Eingefahrene Sichtweisen zu hinterfragen, dies "gelingt mit den Bildern aus dem fremden Subkontinent", schreibt Ingeborg Wiensowski von Spiegel-Online über die Ausstellung Being Singular Plural. "Allerdings ist der Betrachter gefordert, sich auf das Fremde auch wirklich einzulassen". Die beste Voraussetzung dazu sei ein "experimentierfreudiges Vorstellungsvermögen". Wiensowskis Fazit: "Eine lohnenswerte Ausstellung, denn ein indisches Kino jenseits der gigantischen Unterhaltungsindustrie Bollywoods ist selten zu sehen". Das sieht Silke Hennig vom Kulturradio ähnlich: Die Schau "gibt einen guten Eindruck davon, warum derzeit - weit jenseits der Herz-Schmerz-Epen Bollywoods - auch die Kunstszene Indiens international ganz groß im Kommen ist". Auch Manuela Lintl hebt im Neuen Deutschland unter der Überschrift "Jenseits von Bollywood" auf den Gegensatz zwischen den im Deutsche Guggenheim gezeigten Arbeiten und dem indischen Kommerzkino ab. Sie betont die Komplexität der gezeigten, "äußerst kritische Positionen zeitgenössischer Video- und Filmkunst". "Angesichts der Fülle der hier in nur wenigen Arbeiten versammelten kritisch-analytischen Ansätze, (…), ist die Ausstellung eine intellektuelle Herausforderung für das Publikum. Dennoch wirken die (…) Exponate auf den ersten Blick erstaunlich ansprechend auf eine sehr sinnliche und poetische Art und Weise". Thomas Voelkner von Deutsche Welle World berichtet, dass die Besucher im Deutsche Guggenheim "eine andere Seite des indischen Kinos entdecken können" - und Werke, die "versuchen, neue Denk- und Sichtweisen hervorzubringen".

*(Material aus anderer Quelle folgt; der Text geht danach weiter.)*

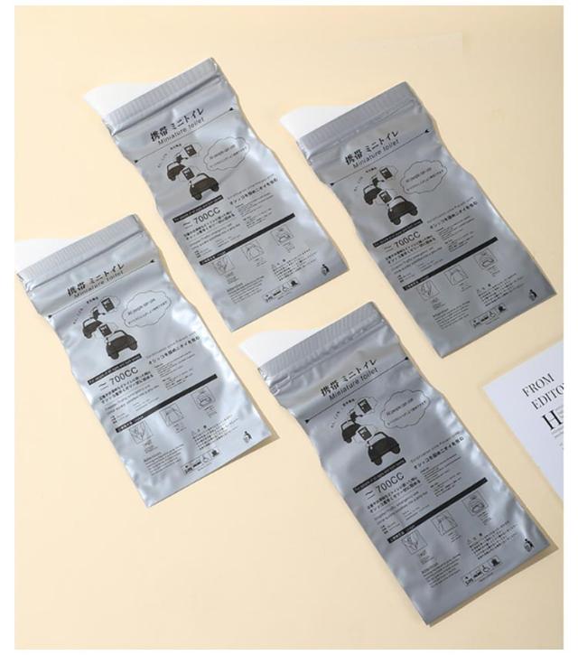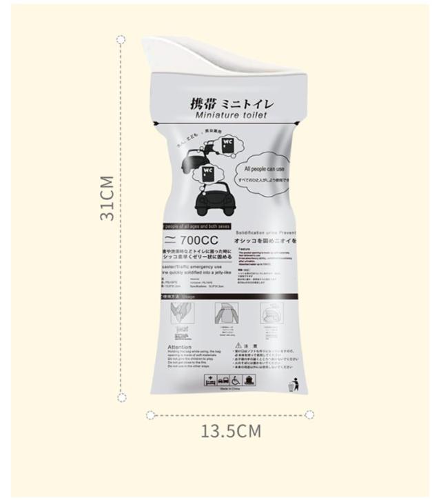 | おしっこを固めて、においを消す!700mlたっぷり吸収!携帯ミニトイレ10枚セット 【緊急時に便利な携帯タイプ】:柔らかい素材を採用し、吸水シートタイプで、汚物袋も透けないので快適に衛生的に利用できます。 【700mlの吸収力・安全安心】:吸水性抜群!一般的な成人の排尿量は200~400mIですので最大700mlを吸水してくれる本商品は安心設計です。 【男女問わず子どもOK】:携帯ミニトイレは開口部が大きく開くから、コンパクトで使いやすく男女問わず誰でもご使用になれます。 【コンパクトで持ち運びに便利】:片手で使用可能。ワンタッチで簡単に使用できま・コンパクトで便利!余ったスペースに収納できます。 【消臭力、抗菌に優れて安心】:ポリエチレンと吸水ポリマーを使用する赤ちゃん用のおむつのような吸収シートを採用し、素早くゲル状に排泄物を固めて匂いも抑えられて、消臭力、抗菌に優れて、安心できます。 【密閉型デザイン】携帯ミニトイレをご使用後、袋のジッパーをしっかり閉める。すぐ捨てることができなくても臭わず快適!菌も漏らさず衛生的です。 【サクッと!済ませる】:車での渋滞時やレジャーにも欠かせない簡易トイレ介護や災害での断水、トイレの故障などの際にも。乗り物酔いなど旅行やビジネスの移動中にあれば便利。手軽に持ち運びができて安心してお出かけできます。 | |

Als Parcours "durch eine ferne und doch so nahe Welt voller Gegensätze und Widersprüche" beschreibt Irmgard Berner die Ausstellung in der Berliner Zeitung. Der Blick der Künstler sei "in der Tat außergewöhnlich; persönlich und zugleich von gesellschaftlicher Relevanz. Spannend auch in der prozesshaften Experimentierfreude". Im Tagesspiegel bemerkt Christina Tilmann, dass es den Künstlern der Ausstellung "im Grunde immer um das Gleiche geht: um das Leben in einer politisch instabilen und gesellschaftlich problematischen Zone". Besonders beeindruckt ist sie von Amar Kanwars "äußerst raffinierter Installation" The Torn First Pages über die Militärdiktatur in Burma - "eine fragile, flüchtige Form der Hommage an unbekannte Helden". Auch für Welf Grombacher, Märkische Oderzeitung, reflektiert die Schau die aktuelle Situation der Region: "Indien ist ein Land im Umbruch. Zwischen Tradition und Moderne. (…) Die Qualität der Ausstellung im Berliner Guggenheim besteht darin, dass sie diese Wandlung mit bewegten und bewegenden Bildern sinnlich erfahrbar macht."